Sry-α and Spt share redundant function during cellularization.
(A) Surface views of furrow canals stained for Myosin-2 in embryos of indicated genotypes. Multinucleate cells highlighted (orange nuclei) in corresponding segmented images. (B) Quantification of multinucleation phenotypes. Each point represents one embryo with ≥150 nuclei analyzed (n = 12 embryos per condition). (C) Quantification of F-actin in furrow canals of furrows of length 3–5.5 µm (n = 9 embryos per genotype, with 15 furrows analyzed per embryo; mean ± s.e.m.). Student's t-test was performed to calculate P values as shown in (B, C).
Figure 5.
Spt is maternally provided, while Sry-α is zygotically expressed in a pulse for cellularization.
(A) RT-PCR and (B) Western blots show Sry-α and Spt expression profiles. Developmental stages are (1) mitotic cycles 1–9; (2) mitotic cycles 10–11; (3) mitotic cycles 11–13; (4) cellularization (shaded); (5) ventral furrow formation; (6) segment formation. Profiles were obtained from three independent RT-PCR or Western Blotting experiments (mean ± s.e.m.).
Figure 6.
Sry-α is not required for cellularization at an optimal temperature of 18°C, but is required as conditions approach an extreme of 32°C.

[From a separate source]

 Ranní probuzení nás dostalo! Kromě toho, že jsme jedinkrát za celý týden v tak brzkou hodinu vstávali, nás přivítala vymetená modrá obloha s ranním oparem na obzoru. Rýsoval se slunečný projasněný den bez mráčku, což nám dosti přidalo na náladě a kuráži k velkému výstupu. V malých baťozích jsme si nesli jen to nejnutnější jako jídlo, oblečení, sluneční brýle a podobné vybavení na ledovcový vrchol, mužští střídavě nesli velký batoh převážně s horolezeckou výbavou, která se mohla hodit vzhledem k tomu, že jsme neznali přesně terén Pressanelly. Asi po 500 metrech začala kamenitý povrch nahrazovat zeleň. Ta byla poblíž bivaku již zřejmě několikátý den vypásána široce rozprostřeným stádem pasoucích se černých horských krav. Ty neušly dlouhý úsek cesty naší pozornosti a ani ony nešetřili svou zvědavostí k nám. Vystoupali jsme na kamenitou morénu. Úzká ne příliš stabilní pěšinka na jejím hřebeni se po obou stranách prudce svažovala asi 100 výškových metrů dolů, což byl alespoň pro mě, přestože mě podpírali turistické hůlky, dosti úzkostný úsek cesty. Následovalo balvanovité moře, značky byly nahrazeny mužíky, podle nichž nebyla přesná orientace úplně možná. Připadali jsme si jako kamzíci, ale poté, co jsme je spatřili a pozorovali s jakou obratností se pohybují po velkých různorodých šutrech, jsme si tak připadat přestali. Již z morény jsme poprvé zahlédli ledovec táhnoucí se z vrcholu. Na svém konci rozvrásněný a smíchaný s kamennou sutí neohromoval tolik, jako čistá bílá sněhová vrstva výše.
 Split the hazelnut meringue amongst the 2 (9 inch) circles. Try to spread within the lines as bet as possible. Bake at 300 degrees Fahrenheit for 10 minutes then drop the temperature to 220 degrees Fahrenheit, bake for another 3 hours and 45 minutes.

(A) Surface views of furrow canals stained for Myosin-2 in embryos of indicated genotypes. Multinucleate cells highlighted (orange nuclei) in corresponding segmented images. (B) Quantification of multinucleation phenotype for indicated genotype and temperature. Each point represents one embryo with ≥150 nuclei analyzed (n = 12 embryos per condition). Two-way ANOVA analysis was performed to calculate P values as shown.
Figure 7.
Two copies of sry-α are required for reliable cellularization at the extreme temperature of 32°C or when the embryo is challenged by a genetic perturbation.
(A, C) Frequency of multinucleation for heterozygous embryos reared (A) at 32°C, or (C) with a reduced dose of maternal Profilin (½profilin; mean ± s.e.m.). (B, D) Quantification of multinucleation phenotype for heterozygous embryos reared (B) at 32°C, or (D) with a reduced dose of maternal Profilin (½profilin). Each point represents one embryo with ≥150 nuclei analyzed (n = 23 embryos per condition). Two-way ANOVA analysis was performed to calculate P values as shown in (A–D).